Oh, and one other thing. I actually get dressed before I start work in the morning. I know some people who even give themselves a ‘uniform’ or wear something reasonably business-like when they work from home, but I prefer to be more comfortable than that. My rule is that I can wear anything, even a baggy shirt and leggings, as long as it’s not what I slept in! Getting dressed helps get my mind ready and know that it’s work time now!
Update as of July 2020: I’ve changed up my logins now so that I have a dedicated work login on my computer. I’ve found this helps keep everything nicely organised and separated from my personal computer use. This became especially important during the pandemic when my time at home was even further increased than it was pre-COVID. I’ve also been able to move into a house where I can have my desk in a different room from where I sleep, which does wonders for helping me disconnect from work life.
Opportunities Gained By Working From Home
Honestly, the freedom of working from home is the most amazing thing!

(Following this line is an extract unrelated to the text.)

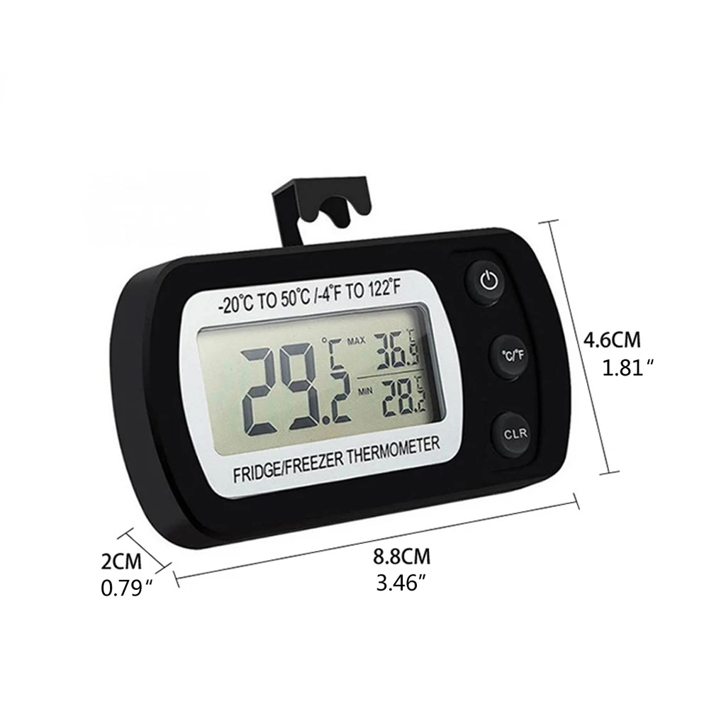 Особенности:Водонепроницаемый цифровой холодильник термометр для холодильника морозильная камера высокоточный электронный термометр сигнализация с магнитным крюкомХарактеристика:Его можно повесить и разместить.Ультра низкое энергопотребление.Максимальная температура и минимальная температура отображаются на одном экране.Он может преобразовываться из Цельсия в Фаренгейт.

The flexibility of not only time but also location feels like such a gift. I’m able to take my laptop with me anywhere, and as long as I have an internet connection I am good to go! I went on a trip to the UK in 2017 for five weeks and was able to do some work in-between my travel times. In March 2018, I actually moved to England, and for the first time moving to a new city I didn’t have to worry about finding work upon arrival!
Working from home presents so many amazing opportunities. I’ve been finding out more about how I best operate, and what makes me tick. It’s something I’m incredibly grateful for.